Feature engineering
Feature engineering, a preprocessing step in supervised machine learning and statistical modeling,[1] transforms raw data into a more effective set of inputs. Each input comprises several attributes, known as features. By providing models with relevant information, feature engineering significantly enhances their predictive accuracy and decision-making capability.[2][3][4]
Beyond machine learning, the principles of feature engineering are applied in various scientific fields, including physics. For example, physicists construct dimensionless numbers such as the Reynolds number in fluid dynamics, the Nusselt number in heat transfer, and the Archimedes number in sedimentation. They also develop first approximations of solutions, such as analytical solutions for the strength of materials in mechanics.[5]
Clustering[edit]
One of the applications of Feature Engineering has been clustering of feature-objects or sample-objects in a dataset. Especially, feature engineering based on matrix/tensor decompositions have been extensively used for data clustering under non-negativity constraints on the feature coefficients. These include Non-Negative Matrix Factorization (NMF)[6], Non-Negative Matrix-Tri Factorization (NMTF)[7], Non-Negative Tensor Decomposition/Factorization (NTF/NTD)[8] etc. The non-negativity constraints on coefficients of the feature vectors mined by above-stated algorithms yields a part-based representation and different factor matrices exhibit natural clustering properties. Several extensions of the above-stated feature engineering methods have been reported in literature, including Orthogonality constrained factorization for hard clustering and manifold learning to overcome inherent issues with these algorithms.
Other class of feature engineering algorithms include leveraging common hidden structure across multiple inter-related datasets to obtain a consensus (common) clustering scheme. Examples include Multi-view Classification based on Consensus Matrix Decomposition (MCMD)[9] algorithm which mines common clustering scheme across multiple datasets. The algorithm is designed to output two types of class labels (scale-variant and scale-invariant clustering), is computational robustness to missing information, can obtain shape and scale based outliers and can handle high dimensional data effectively. Coupled matrix and tensor decompositions are popularly used in multi-view feature engineering[10].
Feature engineering in machine learning and statistical modeling involves selecting, creating, transforming, and extracting data features. Key components include feature creation from existing data, transforming and imputing missing or invalid features, reducing data dimensionality through methods like Principal Components Analysis (PCA), Independent Component Analysis (ICA), and Linear Discriminant Analysis (LDA), and selecting the most relevant features for model training based on importance scores and correlation matrices.[11]

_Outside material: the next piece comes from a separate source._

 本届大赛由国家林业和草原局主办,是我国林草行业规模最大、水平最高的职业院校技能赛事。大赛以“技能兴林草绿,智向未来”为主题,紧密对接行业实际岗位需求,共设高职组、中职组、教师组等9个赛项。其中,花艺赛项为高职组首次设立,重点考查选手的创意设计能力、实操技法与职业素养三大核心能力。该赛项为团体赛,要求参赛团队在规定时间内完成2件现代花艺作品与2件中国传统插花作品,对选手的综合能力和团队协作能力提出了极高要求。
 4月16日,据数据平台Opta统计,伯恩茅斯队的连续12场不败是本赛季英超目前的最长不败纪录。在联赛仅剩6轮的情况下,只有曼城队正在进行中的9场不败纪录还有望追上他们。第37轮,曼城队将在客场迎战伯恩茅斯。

Features vary in significance.[12] Even relatively insignificant features may contribute to a model. Feature selection can reduce the number of features to prevent a model from becoming too specific to the training data set (overfitting).[13]
Feature explosion occurs when the number of identified features is too large for effective model estimation or optimization. Common causes include:
Feature explosion can be limited via techniques such as: regularization, kernel methods, and feature selection.[14]
Feature stores[edit]
The Feature Store is where the features are stored and organized for the explicit purpose of being used to either train models (by data scientists) or make predictions (by applications that have a trained model). It is a central location where you can either create or update groups of features created from multiple different data sources, or create and update new datasets from those feature groups for training models or for use in applications that do not want to compute the features but just retrieve them when it needs them to make predictions.[39]

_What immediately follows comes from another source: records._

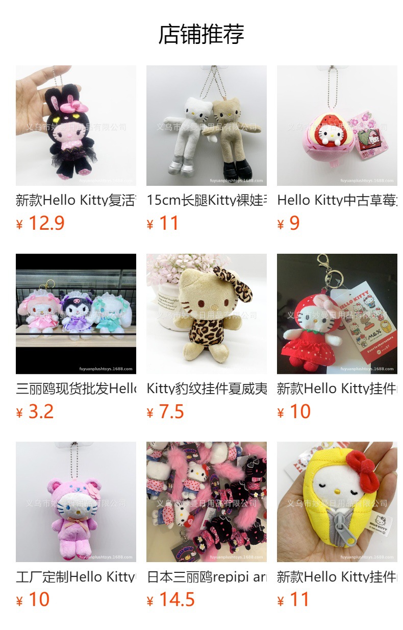 工厂直销 定做外贸款 跨境热销 新款上市 12cm hellokitty卡通猫咪公仔钥匙扣毛绒玩具包包挂件礼品赠品,长腿15cm
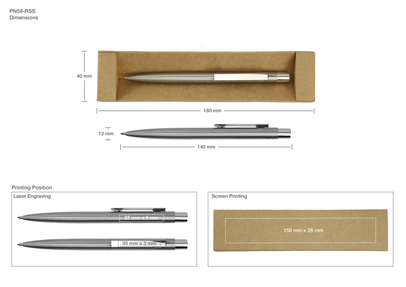 Recycled Stainless Steel pens with chromed plastic button and metal clip presented in Kraft Paper Box
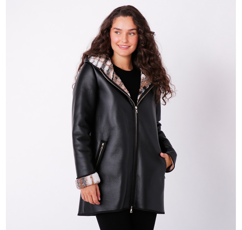 Just in time for the changing season, you're goin to love this Teddy coat from Nuage that features ultra soft faux sherpa printed lining, a metal zipper, and a faux leather-feel shell.
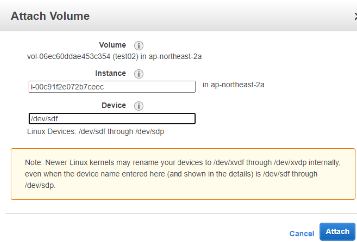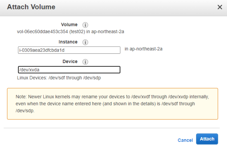 - 떼어낸 볼륨을 다른 Instance에 Attach하기

A feature store includes the ability to store code used to generate features, apply the code to raw data, and serve those features to models upon request. Useful capabilities include feature versioning and policies governing the circumstances under which features can be used.[40]

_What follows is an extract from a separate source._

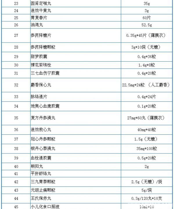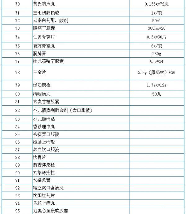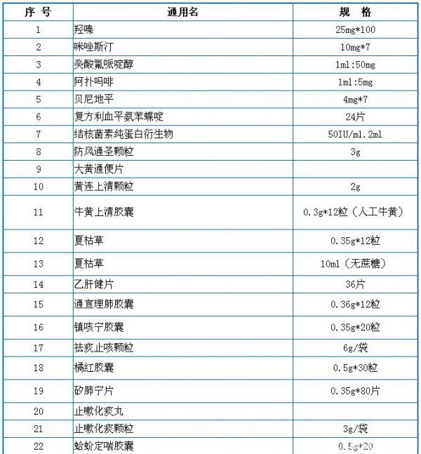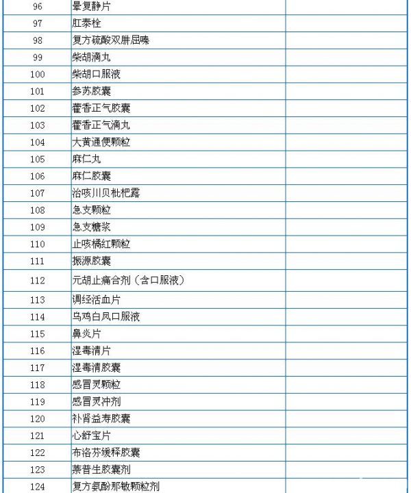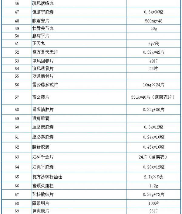 药品零售价格监测常用目录(127种)

Feature stores can be standalone software tools or built into machine learning platforms.
Alternatives[edit]
Feature engineering can be a time-consuming and error-prone process, as it requires domain expertise and often involves trial and error.[41][42] Deep learning algorithms may be used to process a large raw dataset without having to resort to feature engineering.[43] However, deep learning algorithms still require careful preprocessing and cleaning of the input data.[44] In addition, choosing the right architecture, hyperparameters, and optimization algorithm for a deep neural network can be a challenging and iterative process.[45]